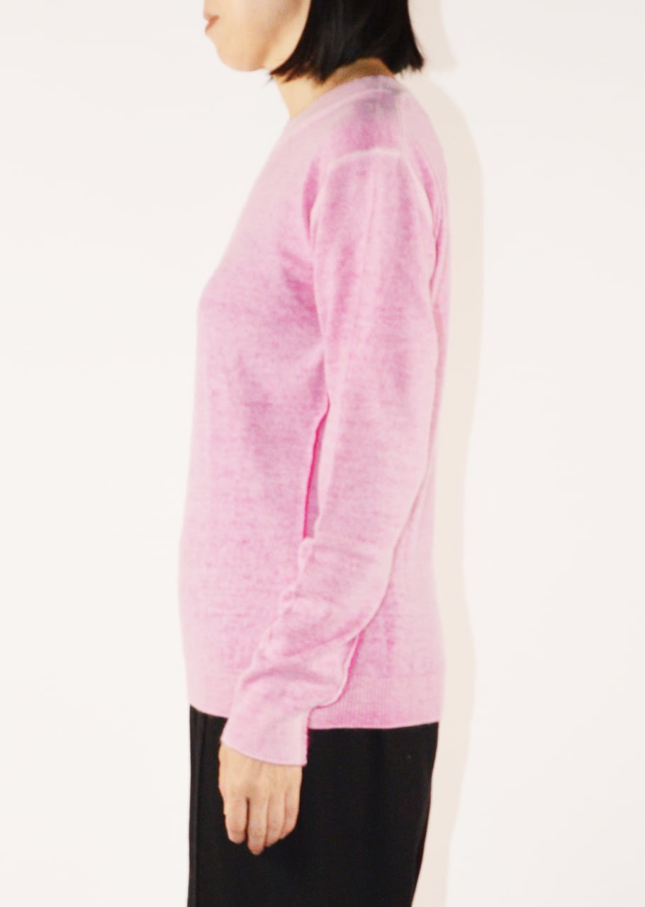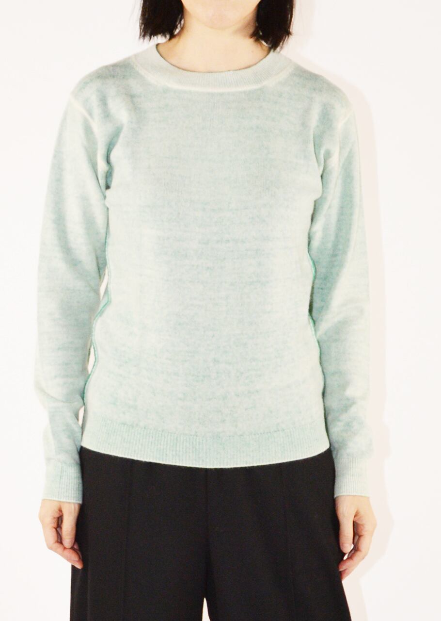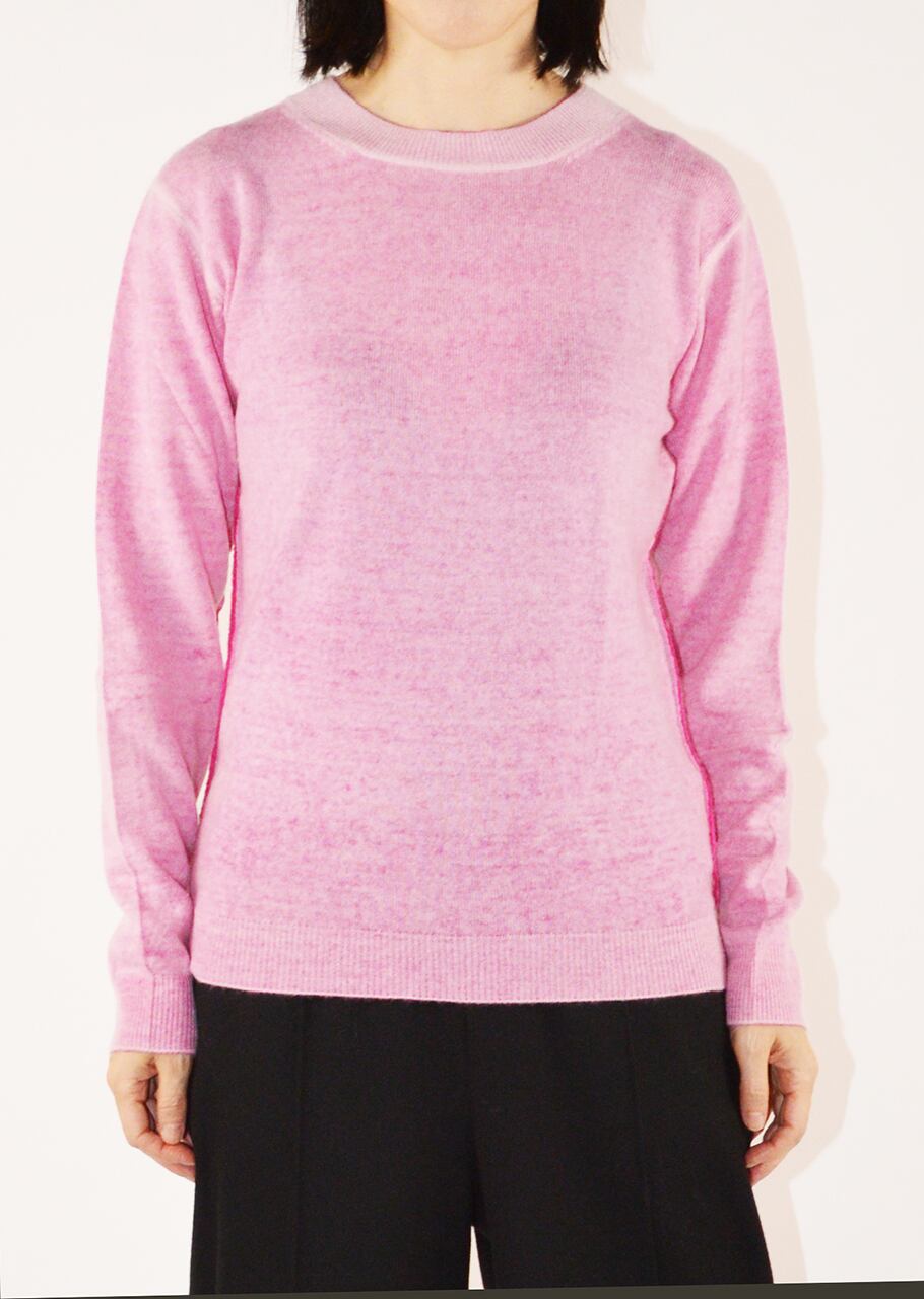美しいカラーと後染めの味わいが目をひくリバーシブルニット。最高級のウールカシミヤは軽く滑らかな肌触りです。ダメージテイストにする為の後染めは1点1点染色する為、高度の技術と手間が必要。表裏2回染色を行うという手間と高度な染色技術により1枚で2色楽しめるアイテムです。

========

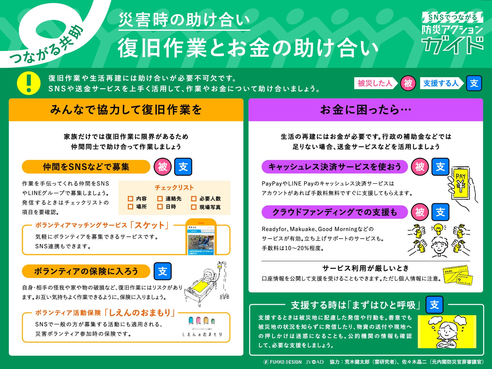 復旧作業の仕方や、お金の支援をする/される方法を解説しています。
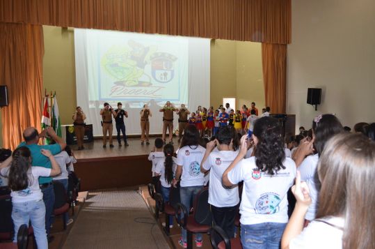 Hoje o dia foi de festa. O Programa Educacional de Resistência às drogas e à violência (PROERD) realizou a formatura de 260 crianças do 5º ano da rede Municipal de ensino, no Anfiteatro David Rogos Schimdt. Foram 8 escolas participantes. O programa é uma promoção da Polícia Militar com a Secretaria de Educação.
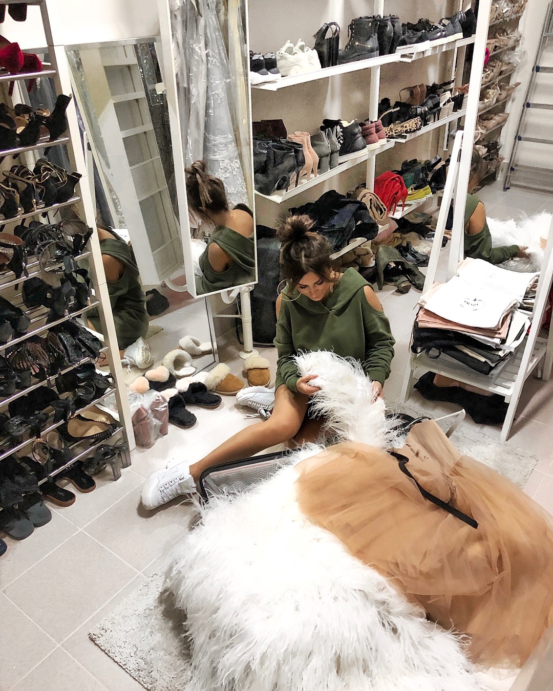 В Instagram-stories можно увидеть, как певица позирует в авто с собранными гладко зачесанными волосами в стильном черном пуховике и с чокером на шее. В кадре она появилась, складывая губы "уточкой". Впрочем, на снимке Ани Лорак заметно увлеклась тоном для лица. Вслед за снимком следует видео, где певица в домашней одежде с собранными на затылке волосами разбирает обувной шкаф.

========

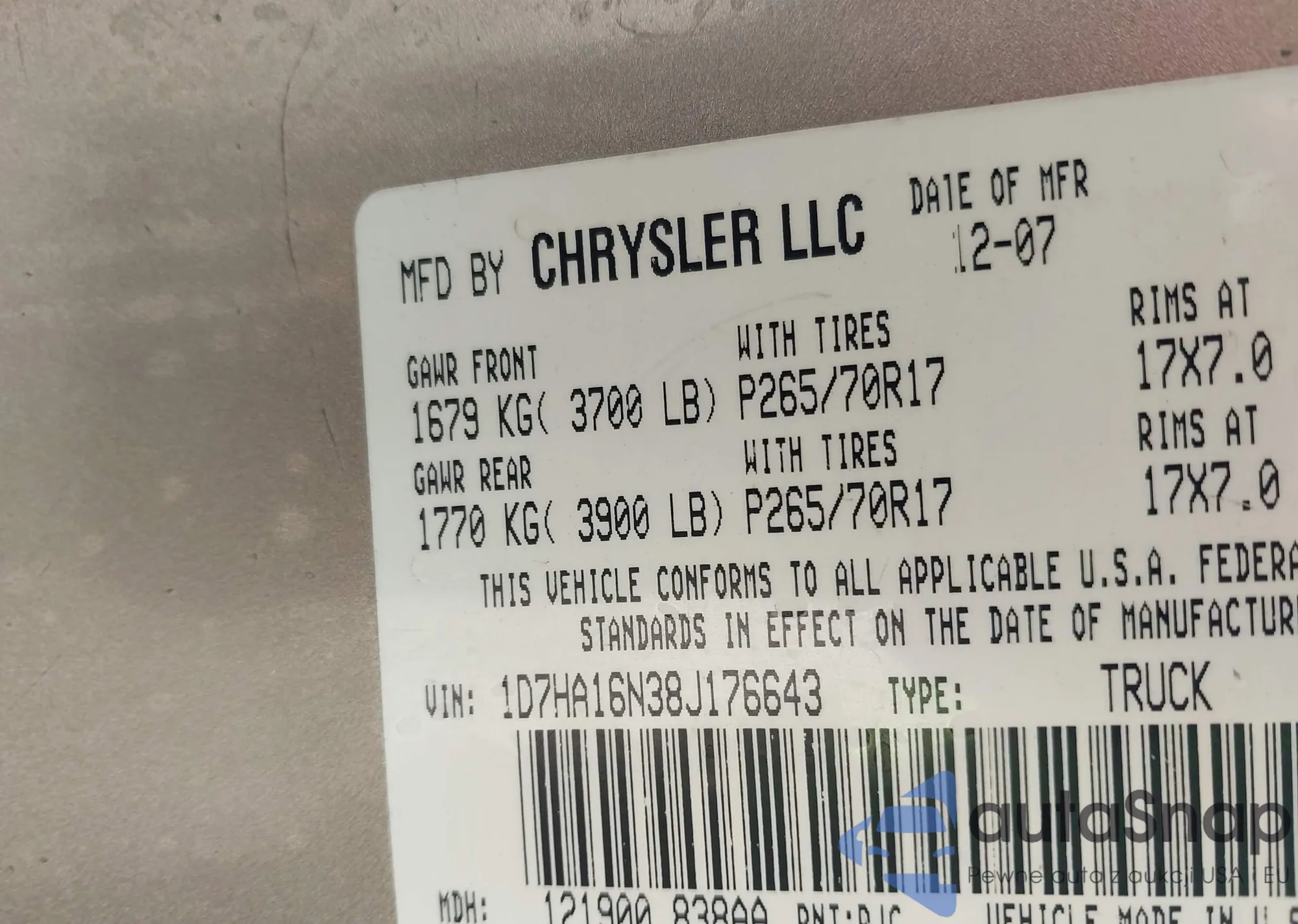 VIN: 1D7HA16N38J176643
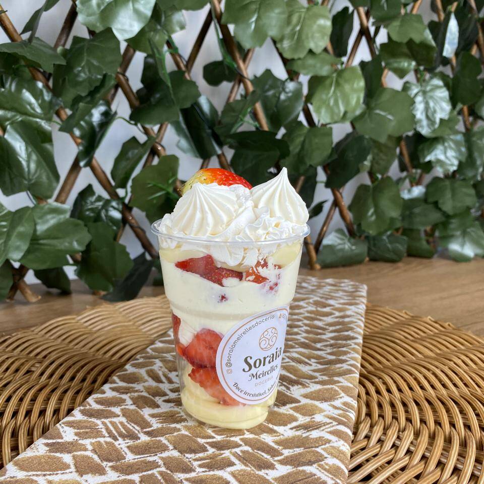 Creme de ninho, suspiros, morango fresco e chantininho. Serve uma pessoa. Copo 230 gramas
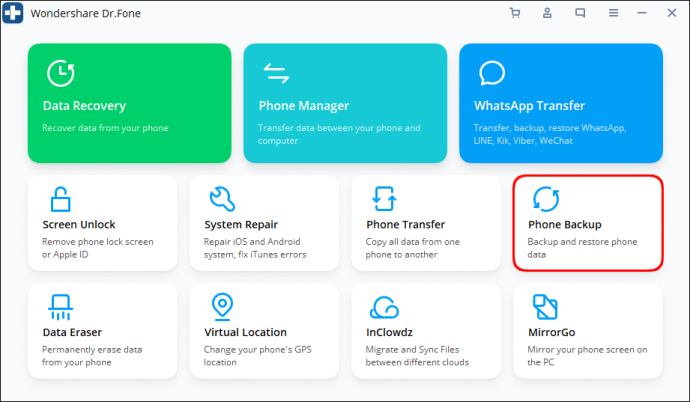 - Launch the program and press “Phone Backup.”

========

▶ **Exercise aim**: In the records above, copy exactly everything from the line that has "Creme de ninho, suspiros, morango" down to the line that has "- Launch the", both ends included, and leave out the pictures.

▶ **Solution to this problem**:
 Creme de ninho, suspiros, morango fresco e chantininho. Serve uma pessoa. Copo 230 gramas
 - Launch the program and press “Phone Backup.”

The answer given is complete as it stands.